• _Your goal_: Each line below must be transcribed exactly, and no picture may appear in the transcription.

*** Data section ***

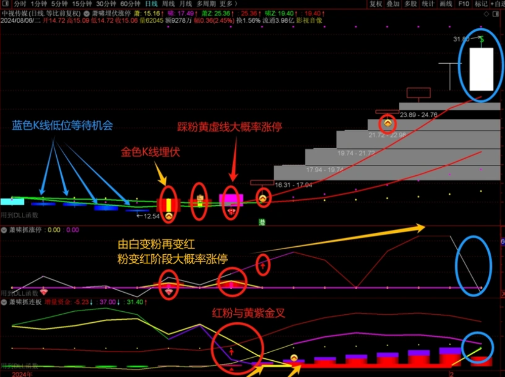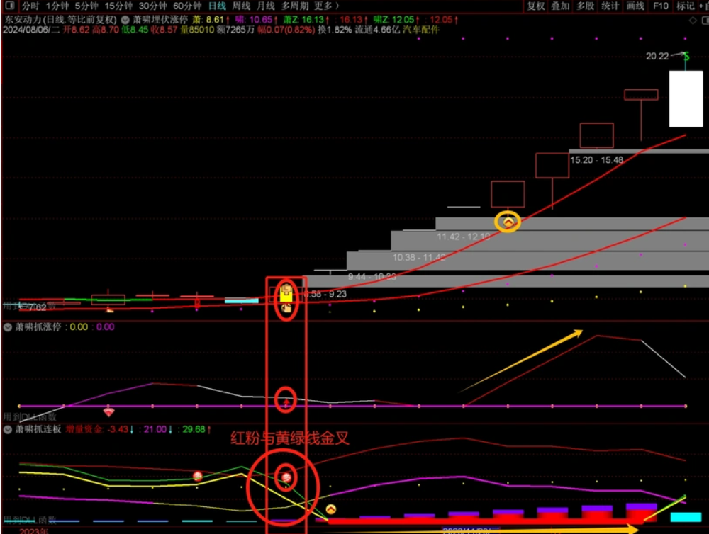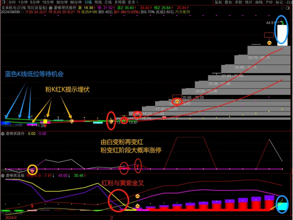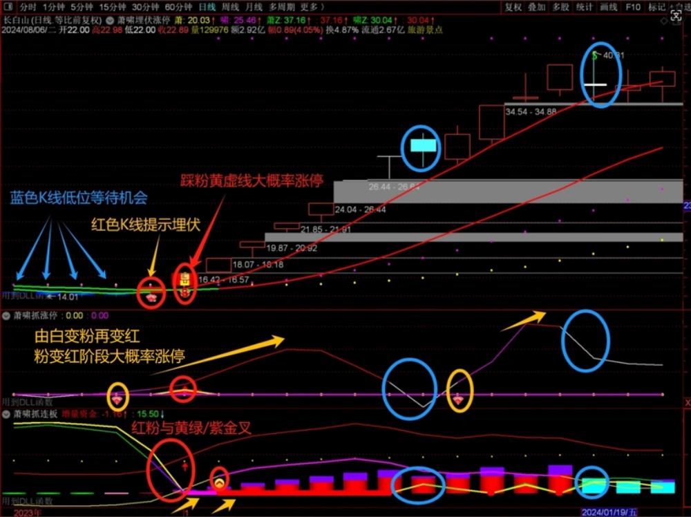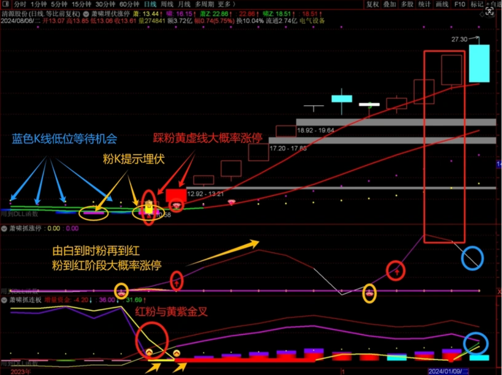 一、主图可以让我们明确低位埋伏涨停的机会,而且当天K线踩主图中的粉黄虚线(点状)则大概率涨停。
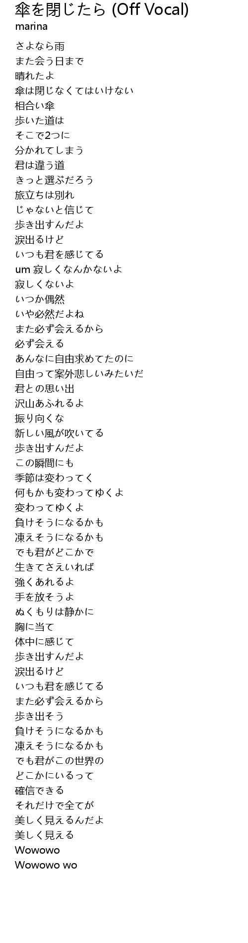 傘を閉じたら (Off Vocal)
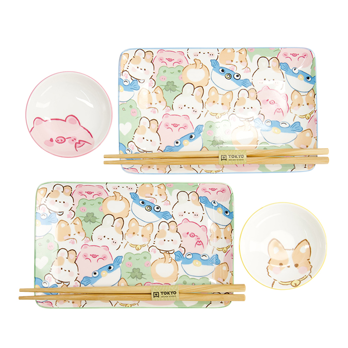 TDS, Sushi Set, Kawaii Animals, Giftset, 4-piece set with Chopsticks, Item No. 33480
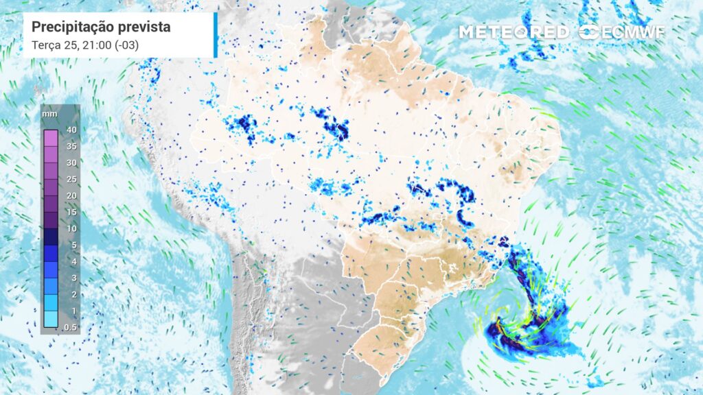 O ciclone se forma de fato na terça-feira (25), não trazendo potencial de ventos intensos, mas ajudando na organização da umidade entre as regiões Sudeste, Nordeste e Centro-Oeste até a Região Norte. Essa condição mantém os alertas de chuvas intensas para o Espírito Santo, Minas Gerais, sul e oeste da Bahia, em Goiás, Tocantins, sul do Pará, Amazonas, Rondônia e Acre.
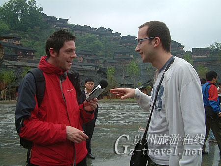 英语外籍专家、里奇在苗寨愉快地采访外籍游客
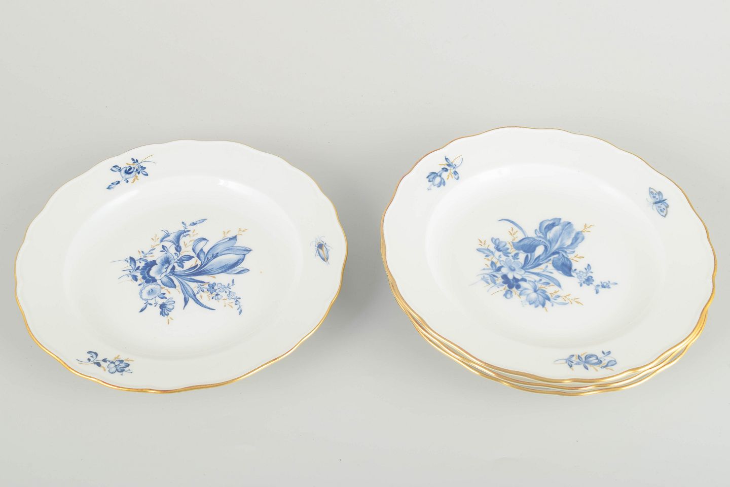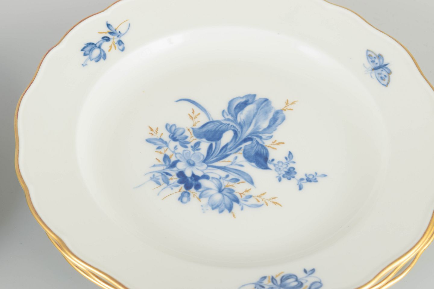 Hand-decorated porcelain with hand-painted blue floral motifs and gilt accents along the rim. Classic lightly scalloped form.
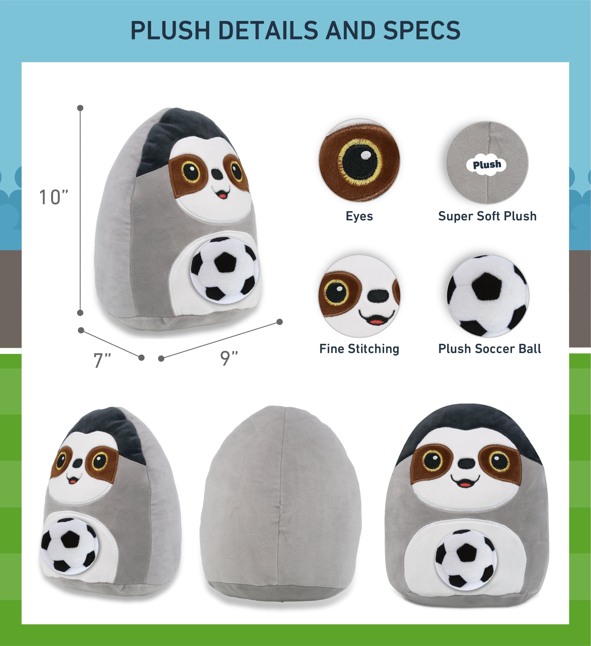 Included with the Purchase of the Cute Super Soft Sloth Plush - Includes 1 DolliBu Snug-Mooshies Sloth Super Soft Plush with a soccer ball plush, decorated with realistic features. The sloth's body with a sports gift ball plush makes the plush perfect for cuddles. The sloth plush toy features details like its characteristic eyes. The sloth's eyes make the critter so charming. The cute sloth plush toy buddy measures 9Lx7Wx10H inches.
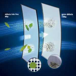 Filtration double niveau : Retient les gros débris et particules fines pour une eau claire. 60 et 150 µm
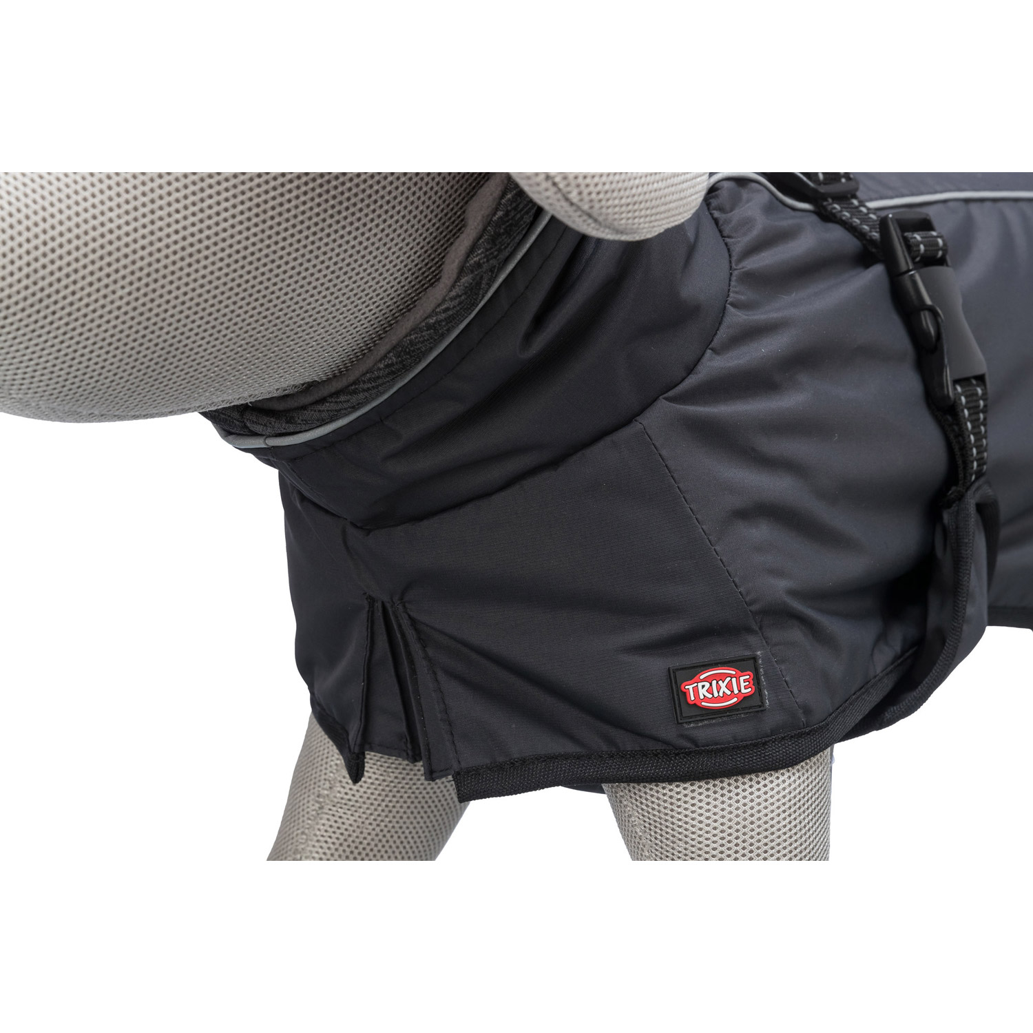 - con dos cremalleras impermeables: una en el cuello para enganchar la correa, la otra en la parte trasera para unir al arnés
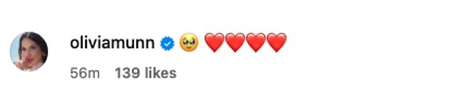 Olivia Munn and Leslie Mann both left heart emojis on the post.
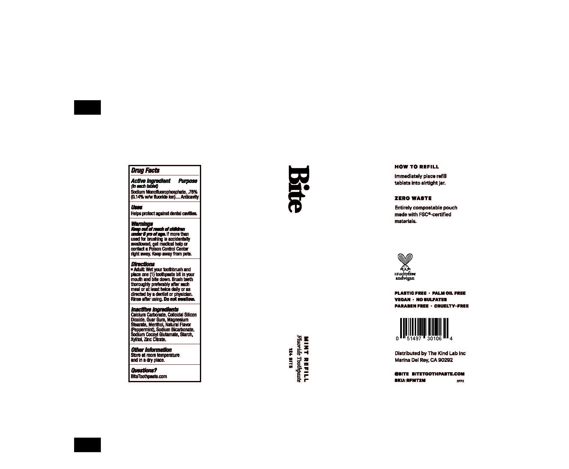 This is a description of a toothpaste containing Sodium Monofluorophosphate which acts as an anticavity agent. The toothpaste is suitable for adults and should be used preferably after each meal or twice daily as directed by a dentist. It also contains inactive ingredients such as magnesium stearate and natural flavors. The toothpaste refill tablets come in an entirely compostable pouch, making it a plastic-free and palm oil-free product. Questions about the product can be directed to bitetoothpaste.com.*
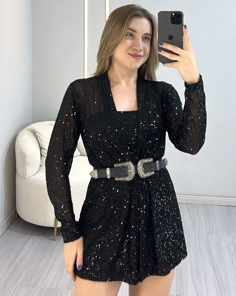 Cardigan confeccionado no paetê, comprimento alongado, mangas longas e sem fechamento.
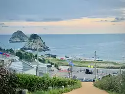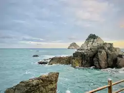 After enjoying the view, I stopped at a nearby observation deck. There were wooden chairs where I could sit and quietly gaze at the sea for a while. The atmosphere wasn't as bustling as a city beach, but it felt more peaceful and natural. The sound of the waves, the wind, and the smell of the sea truly gave me a sense of relaxation.
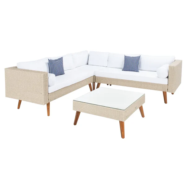 مصنوع من حديد دهان إليكتروستاتيك ضد الصدأ مع هيكل رتان كريمي فاتح معالج مقاوم للشمس والمياه. الطاولة مزودة بزجاج شفاف 6 مللي شطف كمبيوتر، والمقاعد مغطاة بقماش أوف وايت ووتربروف مستورد معالج ضد العوامل الجوية لضمان متانة طويلة الأمد.

*** End of Data section ***

• _Task solution_:
 一、主图可以让我们明确低位埋伏涨停的机会,而且当天K线踩主图中的粉黄虚线(点状)则大概率涨停。
 傘を閉じたら (Off Vocal)
 TDS, Sushi Set, Kawaii Animals, Giftset, 4-piece set with Chopsticks, Item No. 33480
 O ciclone se forma de fato na terça-feira (25), não trazendo potencial de ventos intensos, mas ajudando na organização da umidade entre as regiões Sudeste, Nordeste e Centro-Oeste até a Região Norte. Essa condição mantém os alertas de chuvas intensas para o Espírito Santo, Minas Gerais, sul e oeste da Bahia, em Goiás, Tocantins, sul do Pará, Amazonas, Rondônia e Acre.
 英语外籍专家、里奇在苗寨愉快地采访外籍游客
 Hand-decorated porcelain with hand-painted blue floral motifs and gilt accents along the rim. Classic lightly scalloped form.
 Included with the Purchase of the Cute Super Soft Sloth Plush - Includes 1 DolliBu Snug-Mooshies Sloth Super Soft Plush with a soccer ball plush, decorated with realistic features. The sloth's body with a sports gift ball plush makes the plush perfect for cuddles. The sloth plush toy features details like its characteristic eyes. The sloth's eyes make the critter so charming. The cute sloth plush toy buddy measures 9Lx7Wx10H inches.
 Filtration double niveau : Retient les gros débris et particules fines pour une eau claire. 60 et 150 µm
 - con dos cremalleras impermeables: una en el cuello para enganchar la correa, la otra en la parte trasera para unir al arnés
 Olivia Munn and Leslie Mann both left heart emojis on the post.
 This is a description of a toothpaste containing Sodium Monofluorophosphate which acts as an anticavity agent. The toothpaste is suitable for adults and should be used preferably after each meal or twice daily as directed by a dentist. It also contains inactive ingredients such as magnesium stearate and natural flavors. The toothpaste refill tablets come in an entirely compostable pouch, making it a plastic-free and palm oil-free product. Questions about the product can be directed to bitetoothpaste.com.*
 Cardigan confeccionado no paetê, comprimento alongado, mangas longas e sem fechamento.
 After enjoying the view, I stopped at a nearby observation deck. There were wooden chairs where I could sit and quietly gaze at the sea for a while. The atmosphere wasn't as bustling as a city beach, but it felt more peaceful and natural. The sound of the waves, the wind, and the smell of the sea truly gave me a sense of relaxation.
 مصنوع من حديد دهان إليكتروستاتيك ضد الصدأ مع هيكل رتان كريمي فاتح معالج مقاوم للشمس والمياه. الطاولة مزودة بزجاج شفاف 6 مللي شطف كمبيوتر، والمقاعد مغطاة بقماش أوف وايت ووتربروف مستورد معالج ضد العوامل الجوية لضمان متانة طويلة الأمد.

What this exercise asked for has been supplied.